Ok, I looked back and re-read the exchanges. Now I understand
where we diverged. I should have been more careful. You are right
of course. And I agree with you. I think I didn't quite communicate
what I meant. Re-reading, I realize there indeed is a lapse in
logic there. It should have read: first-follow is used to make a
parser deterministic.

>>When the grammar is ambiguous, the computation of the first set
>>will fail because the set itself cannot have multiple same entries.
> It's hard for me to understand how you reach that conclusion. When an
> algorithm says to add something to a set that is already in the set, the
> normal expectation is that the set remains unchanged and the algorithm
> proceeds, not that it "fails."

Another lapse in logic. The computation of the first set alone may
not fail. It is the building of the predictive parser from the
information that will fail. That was what I meant, sorry.

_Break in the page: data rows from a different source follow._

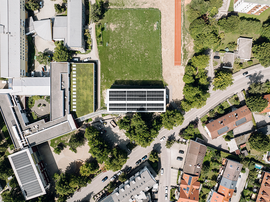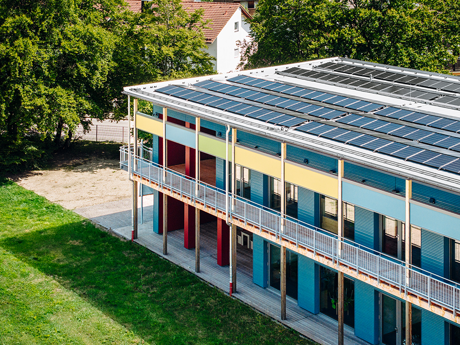Das Obergeschoss entspricht dem Erdgeschoss, ergänzt um einen außenliegenden Aufzugsturm und Laubengangerschließung. Für die Aufstockung wurde das Dach temporär entfernt und anschließend wieder aufgesetzt. Der große Dachüberstand sorgt für sommerlichen Wärmeschutz, die gesamte Fläche wurde mit PV-Modulen belegt – auch das benachbarte Schulgebäude profitiert energetisch.
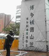 飾り山笠がこの中でもうすぐお披露目です。連日の猛暑の後に梅雨らしい雨がやっと降っています
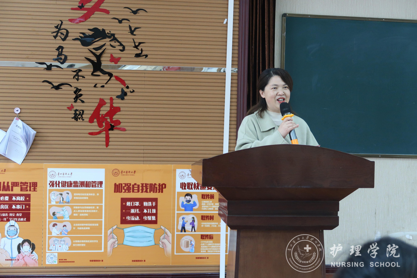 杨英对本次大会进行总结并讲话。她首先对获奖的集体和个人表示祝贺,同时给同学们提出了三点希望:一是希望同学们养成合理安排时间、多读书的习惯,不负韶华、不负人民,做有理想、有追求的护理学子;二是希望同学们自我约束,加强自立、重视时间管理,加强体育锻炼,勤奋耕耘,收获成功;三是希望同学们勇于担当,乐于奉献,敢于有梦,勇于逐梦,勤于圆梦,胸怀民族复兴的重任,在新的征程上再创佳绩。
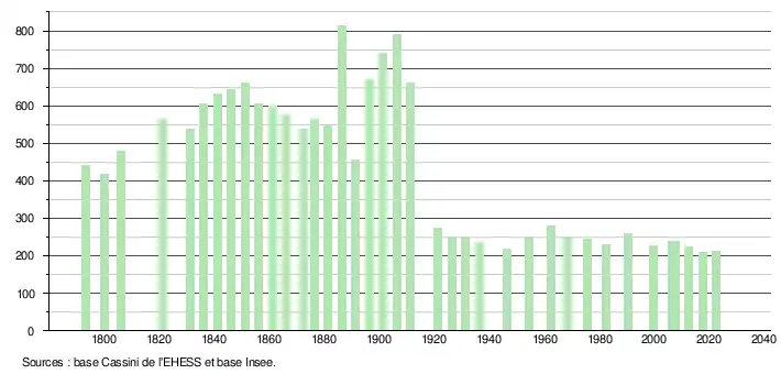 L'évolution du nombre d'habitants est connue à travers les recensements de la population effectués dans la commune depuis 1793. Pour les communes de moins de 10 000 habitants, une enquête de recensement portant sur toute la population est réalisée tous les cinq ans, les populations de référence des années intermédiaires étant quant à elles estimées par interpolation ou extrapolation[18]. Pour la commune, le premier recensement exhaustif entrant dans le cadre du nouveau dispositif a été réalisé en 2007[19].
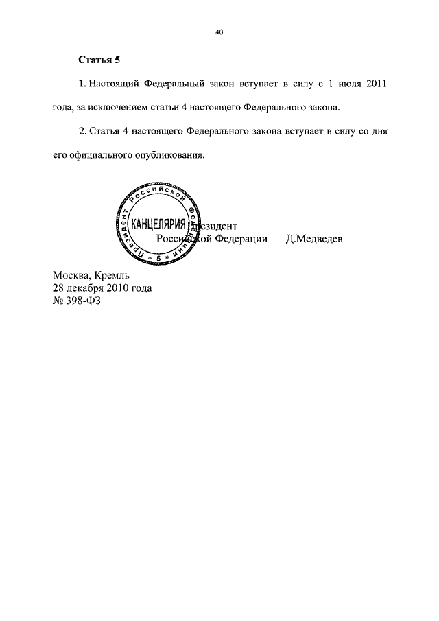 ФЕДЕРАЛЬНЫЙ ЗАКОН от 28.12.2010 N 398-ФЗ
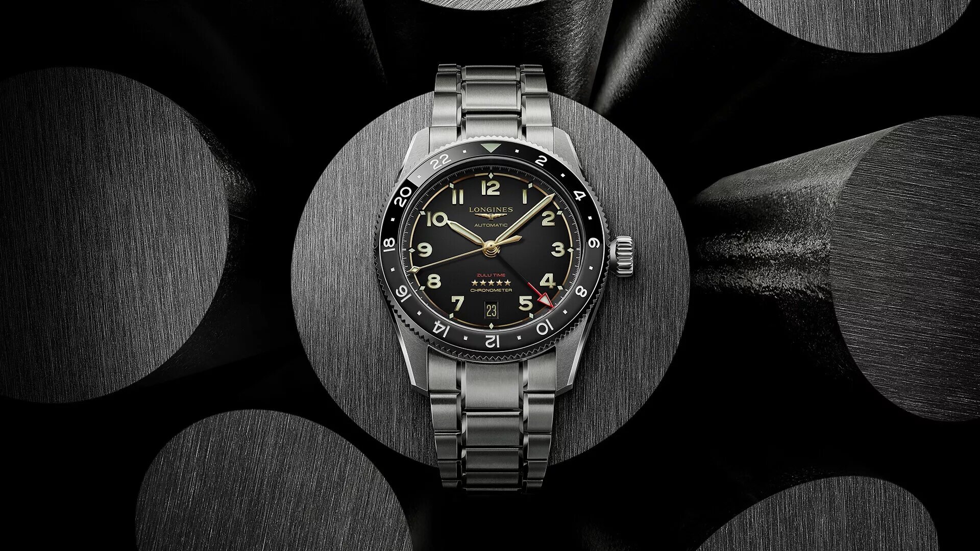 Hodinky Longines Spirit Zulu Time Automatic Titanium GMT Chronometr L3.802.1.53.6
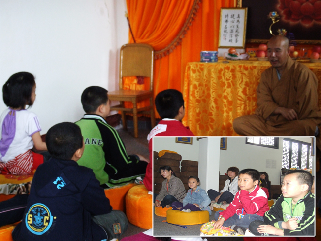 应绵阳国学班邀请,5月1日,在圣水寺念佛堂,镜义法师为学生及家长开示——父母与子女是在因缘具足下聚合,子女由父母缘而来,但非为父母而生,乃自心变现所感,但要惜缘,应有共同的责任去协助家庭成员建立正确的人生观,互助互爱之下为幸福家庭铺路。
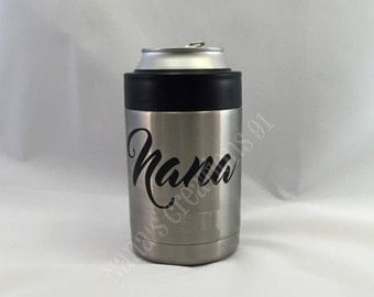 A silver thermos with a black lid and a white label that reads 'NANA' in cursive script. The label also includes the text 'JULY 2019' and 'JULY 2019' in smaller print. The thermos is placed on a white background. | Name Decal-Vinyl Name Decal-Yeti Decal-Monogram Decal-Vinyl Decal-Nana Decal-Yeti Decal-Custom Name Decal-Personalized Tumbler Decal | 98ae3f5abbc72c3cd7c3f7644428ea9428fb9d1b54366b62b37dfa84a8e08bad | 000910685495 | 0 | 0 | 39 | 13 | 0 | 0 | |
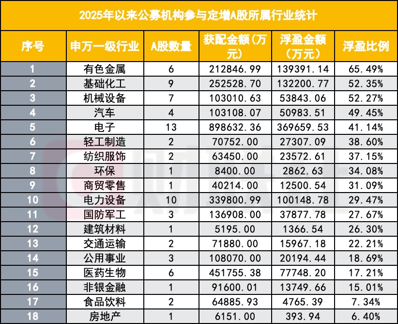 医药生物行业位列第二,参与个股包括百利天恒、迪哲医药等,合计获配45.18亿元,但受部分个股表现拖累,浮盈比例相对较低。此外,电力设备、基础化工、有色金属等行业也均获得超过10亿元的定增资金关注。
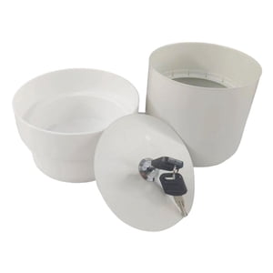 La maceta se divide en dos partes, el compartimento superior se puede plantar con suculentas y flores, y el compartimento inferior es un compartimento oculto que puede contener dinero y llaves, como un escondite de llaves de repuesto al aire libre o como almacenamiento general para objetos de valor.
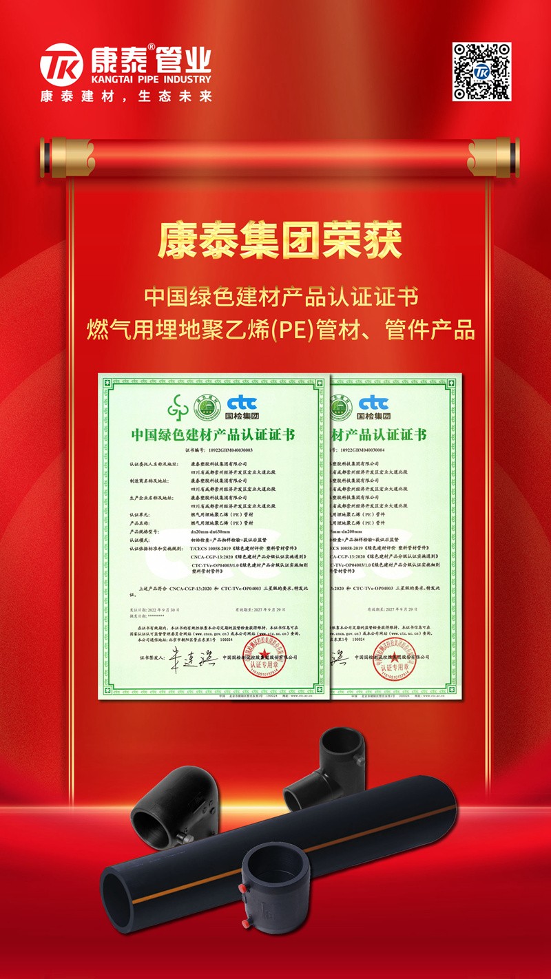 近日,康泰塑膠的給水用聚乙烯(PE)管材、管件產(chǎn)品,燃?xì)庥寐竦鼐垡蚁?PE)管材、管件產(chǎn)品,冷熱水用聚丙烯(PPR)管材、管件產(chǎn)品,埋地用聚乙烯(PE)雙壁波紋管材產(chǎn)品,冷熱水用耐熱聚乙烯(PE-RT)管材產(chǎn)品,給水用鋼絲網(wǎng)增強(qiáng)聚乙烯復(fù)合管材產(chǎn)品順利中國(guó)國(guó)檢測(cè)試控股集團(tuán)股份有限公司認(rèn)證審核,獲得中國(guó)綠色產(chǎn)品認(rèn)證證書。充分展現(xiàn)了康泰塑膠獲證產(chǎn)品在多種綠色屬性和考核指標(biāo)的硬核實(shí)力。
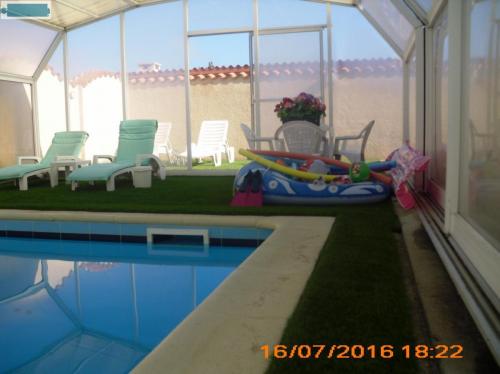 Piscine 10 x 4 m à profondeur variable (1,25 à 2 m) + escalier ; Chauffée par une pompe à chaleur du 15 mai au 15 septembre non-stop, avec abri haut de 2,5 m. Prés de la piscine et dans un locale un 3eme wc avec lave-main intégré. Baignade en toute intimité garantie jour et nuit. Sous l'abri, vous pouvez aisément circuler et les enfants peuvent jouer sous la surveillance des parents, dans une zone de détente avec gazon artificiel de 25 m2 . Autour de la piscine, du Gazon artificiel ainsi que sur la zone réservée au bain de soleil dehors, derrière la piscine, 100% sans vis-à-vis, 2 chaises longues + une petite et une haute table, 4 chaises à l'intérieur de l'abri.2 transats en plus à l'extérieur .
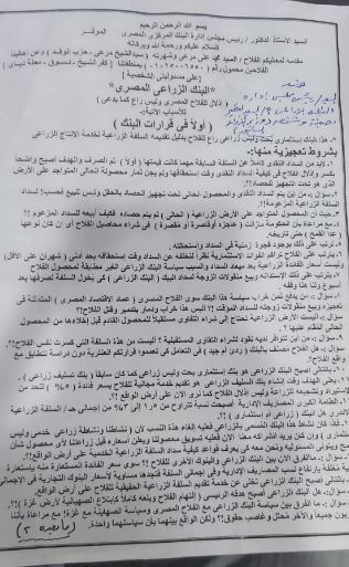 وأوضح مقدم الشكوى محمد علي مرعي، بأن هذا البنك استثماري بحت وليس زراعى، راع للفلاح بدليل تقديمه السلفة الزراعية لخدمة الإنتاج الزراعي.
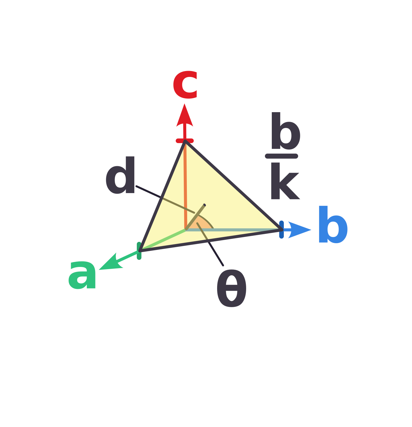 The plane then intercepts the axes at \(\frac{\vec{a}}{h}\), \(\frac{\vec{b}}{k}\) and \(\frac{\vec{c}}{l}\) and does not intercept an axis at all if the corresponding index is \(0\). We can now relate the axes intersections to the distance between the planes.
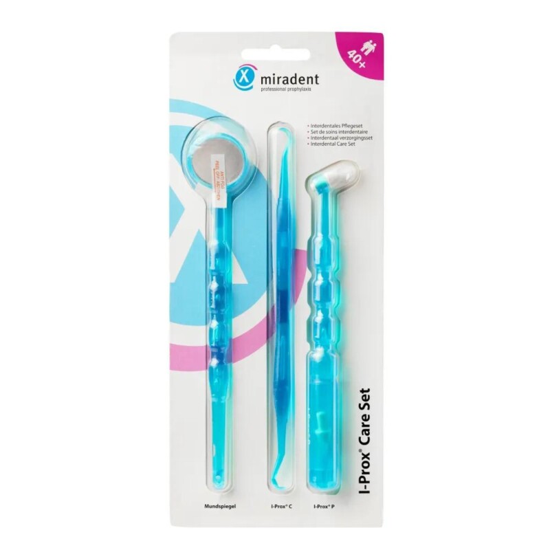 Froomo, маркетплейс професійної косметики та товарів для здоров'я\\Набір інструментів для гігієни порожнини рота I-Prox Care Set Miradent, Монопучкова щітка, Скейлер, Дзеркало, Мірадент

> I've tried to say several times that the properties of LL(1) are
> irrelevant to the arguments I've been making, and you always seem to
> eventually agree, but here it is again. What is your point in bringing
> up LL(1) here?

Ok, let's prune this unproductive branch, backtrack, and move on :-)

>>Long story. Anyway, the basic problem is that Spirit parsers
>>are dynamic. The computation of the first set, for instance,
>>cannot be done at compile time.
> Sure, but I thought you were going to be mostly emphasizing a static
> subrule model.

Yes. But 1) unless I eliminate all the dynamic rules, this will
still be a problem. 2) There are very nice things you can do
with dynamic parsing that can't be done with pure static parsing.

Unfortunately, I can't solve 1 and I consider 2 very important.

> I guess if you use string literals you'll have this
> problem no matter what, though I'm not sure the use of string literals
> should be a foregone conclusion. If you consider parser generators like
> YACC, they cleanly separate lexical analysis from parsing and the parser
> itself is never working with string literals.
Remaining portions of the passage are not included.